Current distributed computing technologies do not address the concerns and requirements just
listed. For example, current Internet technologies address communication and information
exchange among computers but do not provide integrated approaches to the coordinated use of
resources at multiple sites for computation. Business-to-business exchanges [57] focus on
information sharing (often via centralized servers). So do virtual enterprise technologies,
although here sharing may eventually extend to applications and physical devices (e.g., [8]).
Enterprise distributed computing technologies such as CORBA and Enterprise Java enable
resource sharing within a single organization. The Open Group’s Distributed Computing
Environment (DCE) supports secure resource sharing across sites, but most VOs would find it too
burdensome and inflexible. Storage service providers (SSPs) and application service providers
(ASPs) allow organizations to outsource storage and computing requirements to other parties, but
only in constrained ways: for example, SSP resources are typically linked to a customer via a
virtual private network (VPN). Emerging “Distributed computing” companies seek to harness
idle computers on an international scale [31] but, to date, support only highly centralized access
to those resources. In summary, current technology either does not accommodate the range of
resource types or does not provide the flexibility and control on sharing relationships needed to
establish VOs.
It is here that Grid technologies enter the picture. Over the past five years, research and
development efforts within the Grid community have produced protocols, services, and tools that
address precisely the challenges that arise when we seek to build scalable VOs. These
technologies include security solutions that support management of credentials and policies when
computations span multiple institutions; resource management protocols and services that support
secure remote access to computing and data resources and the co-allocation of multiple resources;
The Anatomy of the Grid
3
information query protocols and services that provide configuration and status information about
resources, organizations, and services; and data management services that locate and transport
datasets between storage systems and applications.
Because of their focus on dynamic, cross-organizational sharing, Grid technologies complement
rather than compete with existing distributed computing technologies. For example, enterprise
distributed computing systems can use Grid technologies to achieve resource sharing across
institutional boundaries; in the ASP/SSP space, Grid technologies can be used to establish
dynamic markets for computing and storage resources, hence overcoming the limitations of
current static configurations. We discuss the relationship between Grids and these technologies
in more detail below.
In the rest of this article, we expand upon each of these points in turn. Our objectives are to (1)

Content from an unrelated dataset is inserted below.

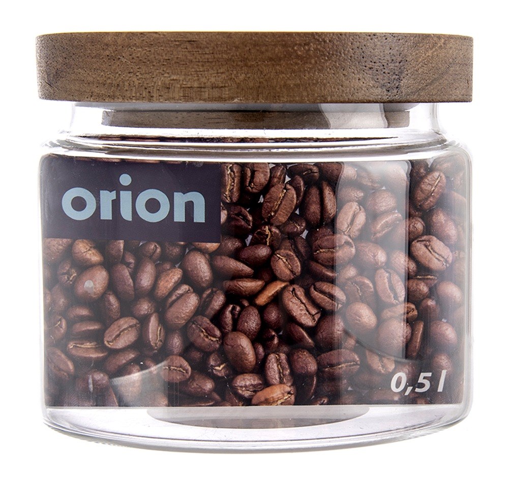 Lebensmittelvorratsbehälter mit einem Holzdeckel mit einer Dichtung. Geeignet für die Aufbewahrung verschiedener Lebensmittel. Findet viele Anwendungen in der Küche. Dank einer engen Kappe mit einer Silikondichtung halten gelagerte Produkte die Frische länger. Das transparente Glas ermöglicht es uns, den Inhalt des Containers leicht zu überprüfen und explizit anzuzeigen. Durch das Speichern von Produkten in einem Behälter können Sie den Küchenraum organisieren.Originalprodukt der tschechischen Marke ORION.Nach europäischen Standards hergestellt.

clarify the nature of VOs and Grid computing for those unfamiliar with the area; (2) contribute to
the emergence of Grid computing as a discipline by establishing a standard vocabulary and
defining an overall architectural framework; and (3) define clearly how Grid technologies relate
to other technologies, explaining both why emerging technologies do not yet solve the Grid
computing problem and how these technologies can benefit from Grid technologies.
It is our belief that VOs have the potential to change dramatically the way we use computers to
solve problems, much as the web has changed how we exchange information. As the examples
presented here illustrate, the need to engage in collaborative processes is fundamental to many
diverse disciplines and activities: it is not limited to science, engineering and business activities.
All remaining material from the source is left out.